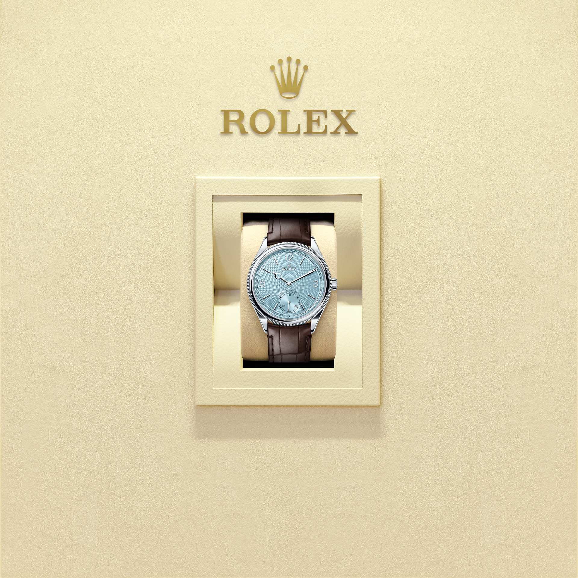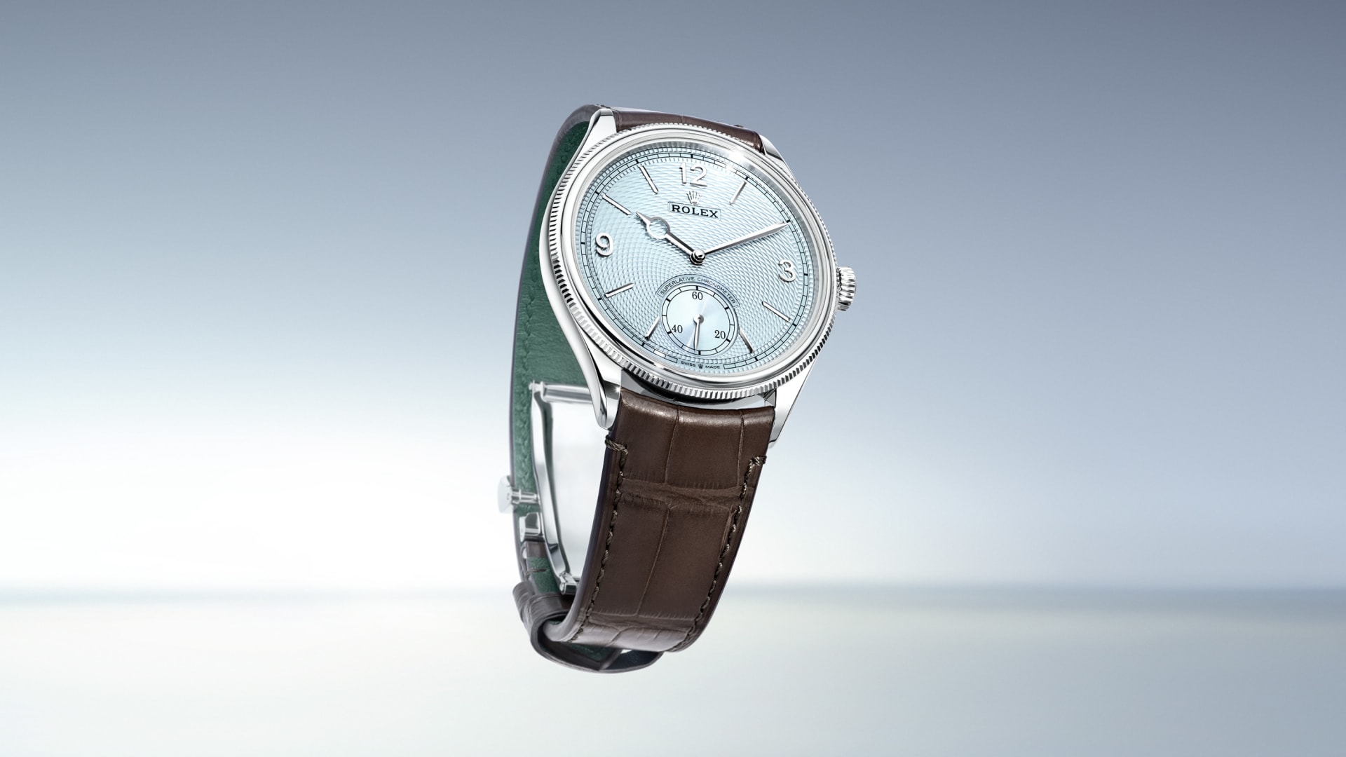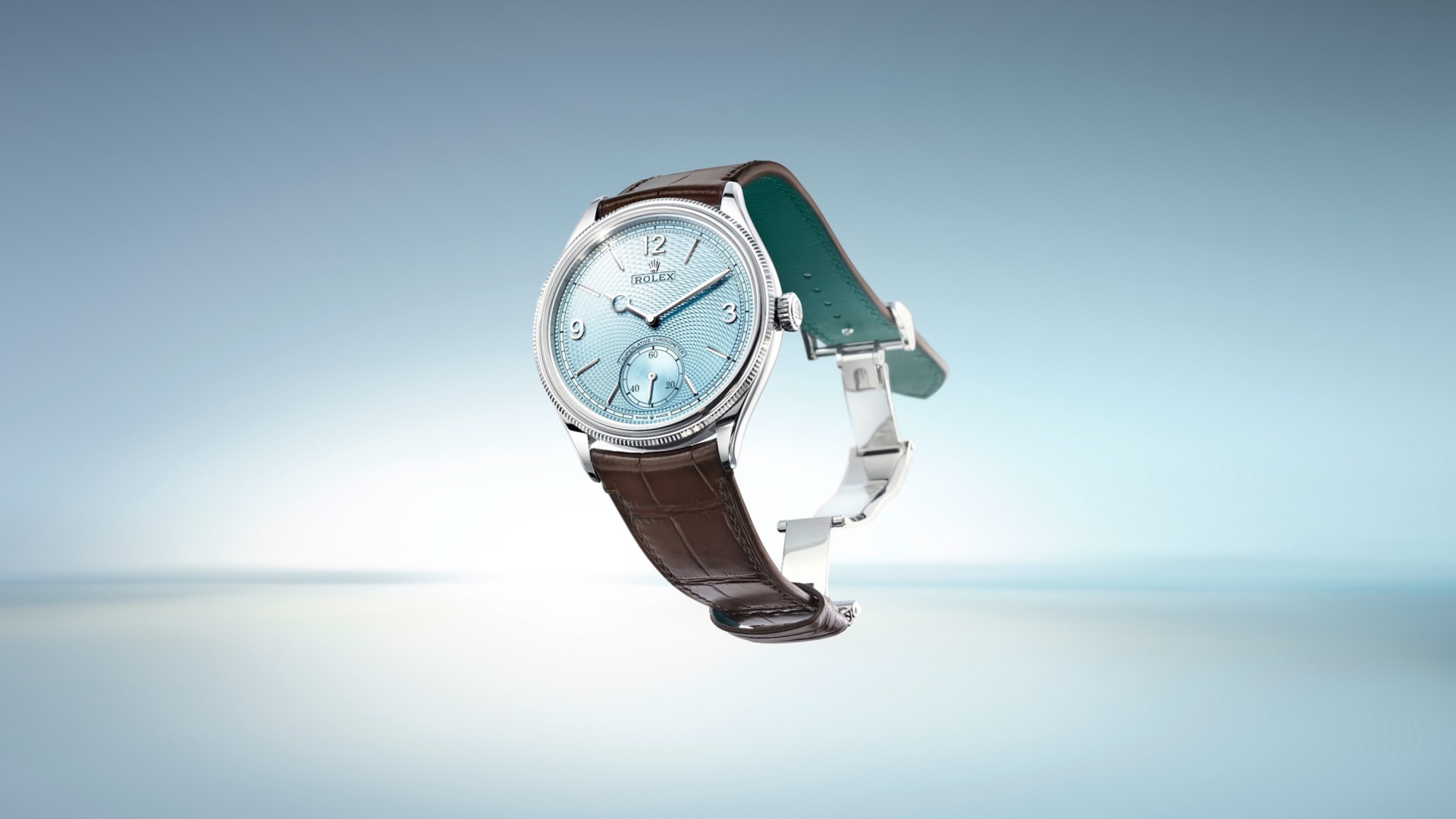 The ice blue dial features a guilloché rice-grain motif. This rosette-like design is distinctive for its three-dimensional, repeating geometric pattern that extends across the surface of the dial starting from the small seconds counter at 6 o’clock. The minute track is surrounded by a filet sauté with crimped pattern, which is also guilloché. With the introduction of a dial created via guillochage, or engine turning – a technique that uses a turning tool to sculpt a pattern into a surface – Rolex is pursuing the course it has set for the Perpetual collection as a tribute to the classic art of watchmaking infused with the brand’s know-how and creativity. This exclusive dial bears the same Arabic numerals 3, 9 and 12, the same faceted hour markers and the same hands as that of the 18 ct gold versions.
##############################
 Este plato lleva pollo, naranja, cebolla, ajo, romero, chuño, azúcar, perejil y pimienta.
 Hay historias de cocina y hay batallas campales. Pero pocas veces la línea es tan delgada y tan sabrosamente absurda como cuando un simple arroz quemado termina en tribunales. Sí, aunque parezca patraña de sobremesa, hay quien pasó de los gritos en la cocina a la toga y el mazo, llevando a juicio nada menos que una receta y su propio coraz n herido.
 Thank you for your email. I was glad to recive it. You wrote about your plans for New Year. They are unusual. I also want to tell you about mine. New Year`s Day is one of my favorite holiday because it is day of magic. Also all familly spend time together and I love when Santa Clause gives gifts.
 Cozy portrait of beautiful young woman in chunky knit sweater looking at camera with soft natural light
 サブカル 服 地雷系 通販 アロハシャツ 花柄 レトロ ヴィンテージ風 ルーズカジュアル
##############################
* DIRECTIONS FOR THIS TASK
Within the listing above, extract exactly the lines from the line with "Thank you for" to the line with "Cozy portrait of", the two named lines included, and no others.

* WRITTEN RESPONSE
 Thank you for your email. I was glad to recive it. You wrote about your plans for New Year. They are unusual. I also want to tell you about mine. New Year`s Day is one of my favorite holiday because it is day of magic. Also all familly spend time together and I love when Santa Clause gives gifts.
 Cozy portrait of beautiful young woman in chunky knit sweater looking at camera with soft natural light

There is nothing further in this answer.